A bit of a RoCE start…

While presenting about S2D (Storage Spaces Direct) during MVPDays, I was asked if the benefits of RDMA over Converged Ethernet was worth replacing existing 10GbE infrastructure for a cluster.

To answer this, we first need to understand how a shared-nothing Storage Pool works.

Consider a traditional converged datacenter, with storage separated from compute and network. The SAN is responsible for disk/controller availability, providing shared volumes over fiber or iSCSI network connections identically to all hosts in the cluster. Simultaneous disk reads and writes occur within the SANs backplane itself and do not traverse the network to cluster nodes.

In a Storage Spaces Direct cluster, disks are installed directly on the compute nodes, which is commonly known as Locally Attached Storage. We then add all the disks from every nodes into a single storage pool. From this pool, we provision Cluster Shared Volumes, specifying the level of redundancy required for that specific volume. The level of redundancy will determine the amount of drives in each host that are used to share the load, and ultimately the amount of raw storage that that CSV consumes.

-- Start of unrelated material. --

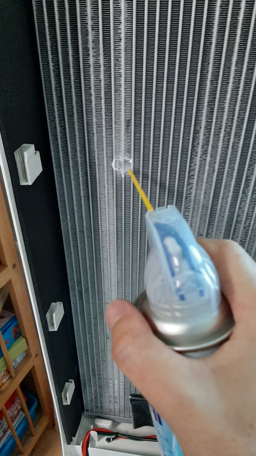 에어컨 세정제 청소 스프레이로 냉각핀 한 줄 한 줄 뿌려줍니다.

For example, if I have a 2-node cluster that are each populated with 4x2TB SSD drives, my storage pool will have a total capacity of 16TB RAW. In this pool, I create a 1TB volume with a redundancy level of 1. This creates a two-way mirror, allowing me to lose one disk in the pool. To accomplish this, S2D places the volume across multiple physical disks, and hosts, in the pool, occupying 2TB of space. If we are using a 3-node cluster, 3-way mirrors (disk redundancy 2) are recommended. In a 3-way mirror, if you haven’t put it together yet, the 1TB CSV will occupy 3TB of raw storage across the three nodes.

Now this is where the networking component comes in to play. As the volume is not local to one node, the process creates significant network traffic between the two. We segment this traffic on the nodes by using specific virtual adapters for storage and cluster data, and implement QoS to ensure the storage connection has the highest priority. Using multiple virtual adapters on a teamed vSwitch is also known as Converged Ethernet. As you can imagine, this causes significant network traffic, and is the reason why 10GbE is recommended for HyperConverged clusters.

With RDMA, or Remote Direct Memory Access, it enables the network adapters to transfer data directly from/to main memory on separate hosts, eliminating the need for the OS to process that data first. This requires no CPU resources and does not require a cache, thus providing high-throughput/low-latency connection between hosts. This is also known as Zero-Copy networking.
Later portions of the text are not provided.